“I do not!” Bennie answered. “I’d about as soon try to climb the outside of the Washington Monument. But if you say people have done it, I guess we can. It’s a fight, and I ain’t licked yet!”

The doctor let them rest before they tackled the pinnacle, and gave his orders. “I’ll go ahead and cut the steps. You, Bennie, will anchor, and play me out the rope, and don’t you come on a step till I tell you. Then Stone will play you out till you get to the platform I’ve made for you. Then Spider plays him out, then Norman plays Spider out. We won’t have more than one of the five of us moving at any one time, in other words.”

The doctor rose, and began to hack steps into the snow, in front of his face, on the precipitous incline. He had to cut them deep, to get a firm footing, and it was slow work. Before he was quite played out on his twenty feet of rope, he cut an extra large step, like a little platform, and then moved up a couple of steps, and told Bennie to climb to the platform. Bennie did so, while Mr. Stone played him out. Then Bennie anchored firmly on the platform, and let his uncle cut his way up fifteen or twenty feet farther. Bennie then stepped up two steps, and let Mr. Stone climb to the first platform. Once on it, Mr. Stone played Bennie up, till he was on a second little platform, just behind the doctor. Then the doctor moved ahead twenty feet higher, Bennie moved, Mr. Stone climbed to platform number two, and they all anchored hard, and waited till Spider reached platform number one. In this way, only one man ever climbing at a time, with the rest anchored, they crept slowly up the wall of icy snow. In two places, it was, in fact, not snow but actual ice, and the doctor had to hack out the steps and could not use his stock as he climbed. He had to depend on the spikes in his boots entirely, because he carried no ice ax. Bennie, below him, watched with terror in his heart, and clung to his alpenstock with a rigid grip. If his uncle slipped, nothing would save him but that stock! If Bennie’s grip gave way, they would both go, and maybe pull down all the rest! Here was a battle indeed, here was a fight with the mountain where every single step you took had to be just right, or you were gone! Bennie didn’t dare look down. He kept his eyes fixed on his uncle’s boot soles above him, and refused even to look off to right and left. He didn’t dare.

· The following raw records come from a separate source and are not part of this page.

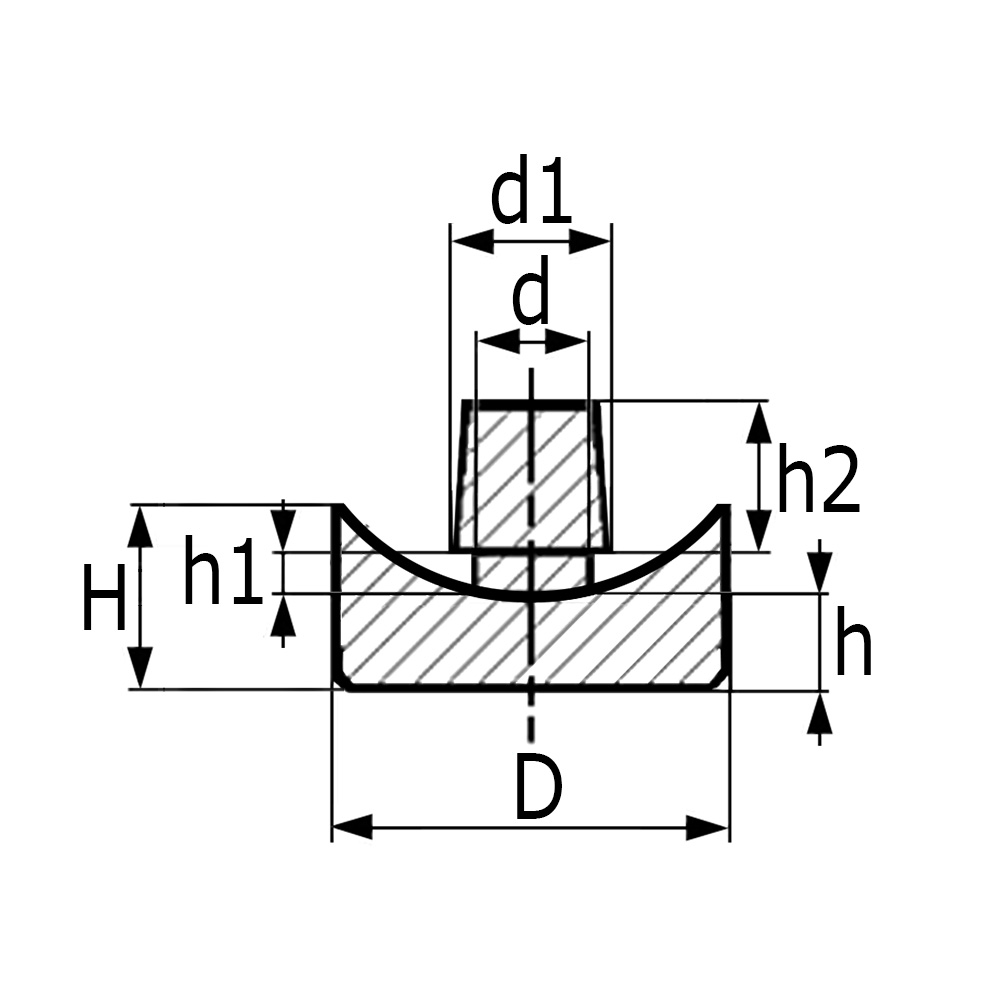 Perçage =Ø-trou de montage, Dimension du tube=Ø-tube extérieur, D=Ø-pied, D=Ø-tige petit, D1=Ø-tige grand, H=Hauteur, h=Hauteur de pied, h1=Hauteur tige Ø-petit, h2=Hauteur tige, Épaisseur de plaque=Épaisseur de plaque maximale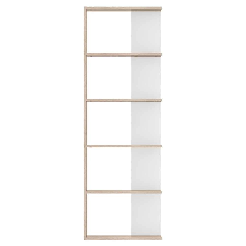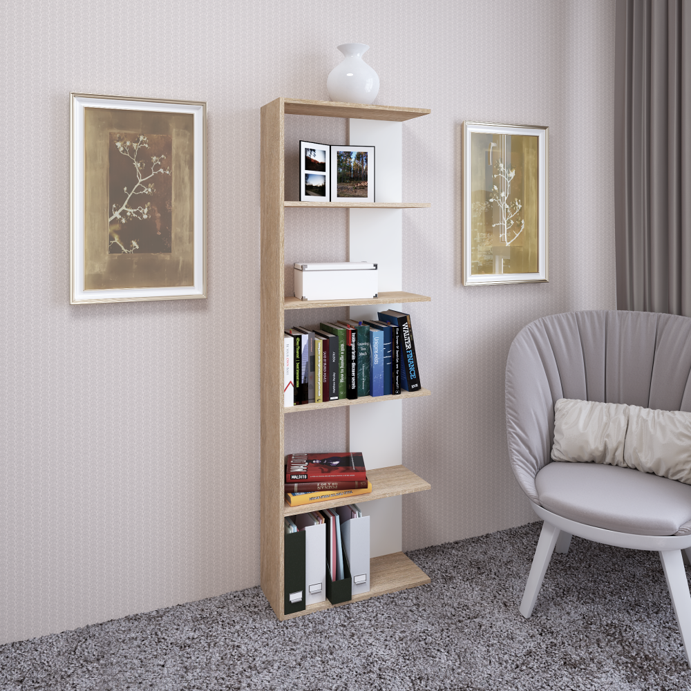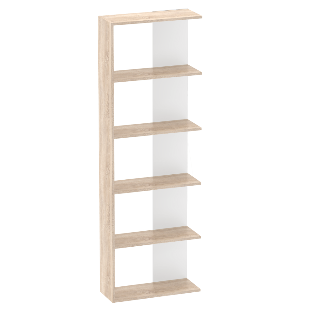 Materiál: laminovaná DTDFarba: dub sonoma/bielaRozmery (ŠxHxV): 60x25x180 cmHrúbka materiálu: 1,6 cmVýška medzi policami: 34 cmHĺbka police: 23,2 cmNosnosť políc: 5 kgOtvorený úložný priestorViacúčelovýModerný dizajnPraktickýOdporúčame pripevniť k steneKvalitný slovenský výrobokDodávané v demonte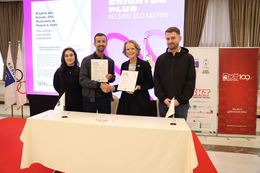 Me qëllim të promovimit dhe fuqizimit të rolit të gruas brenda dhe jashtë fushës sportive, UBT ka nënshkruar Deklaratën ndërkombëtare “Brighton Plus Helsinki”, një dokument i rëndësishëm që synon të avancojë barazinë gjinore në sport dhe të sigurojë përfshirjen e plotë të grave dhe vajzave në të gjitha nivelet e veprimtarisë sportive.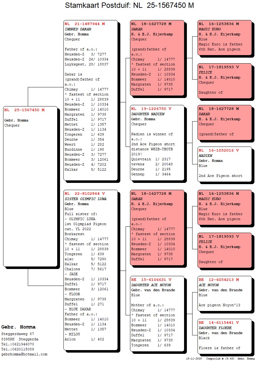 Zoon van `INTEELT DAKAR` (zoon `DAKAR` x dochter `DAKAR`) x `SISTER OLYMPIC LUNA`is dochter stamkoppel `DAKAR` x dochter `ACE NOYON`.

They climbed steadily, and in silence, except for the orders to each man when he was to advance. Their faces were set and grim. Bennie felt the strain. He was getting tired rapidly, not from the physical effort, which wasn’t really great except for the doctor, but from the mental effort, the incessant concentration on every step he took. At last, after an hour and a half, the doctor went over the top, and shouted back a loud “Hurrah!” Bennie followed him over, and one by one the rest came on, to fall at once down on the snow.

After a long moment, Bennie sat up and looked around him. At first he felt as if he were riding in an airship in the sky. The summit cap of snow was small, and on every side ended in a sharp edge—the edge of a precipice!

“Look at old Hood up there!” his uncle cried, pointing north. “Seems near enough to touch today, and it’s fifty miles off.”

“I don’t want to look at it,” Bennie answered. “I don’t want to look at anything. Gosh, I don’t like this place!”

“I don’t care for it much myself,” Mr. Stone confessed. “You could roll over twice here, and commit suicide with the greatest ease.”

“But we got here!” Spider exclaimed. “I’m glad we got here! We’ve beat the old mountain!”

“Now you’re talking,” said Uncle Billy. “You’ll all like it better when we are down again. Well, come on, let’s start then, if you don’t care for my view.”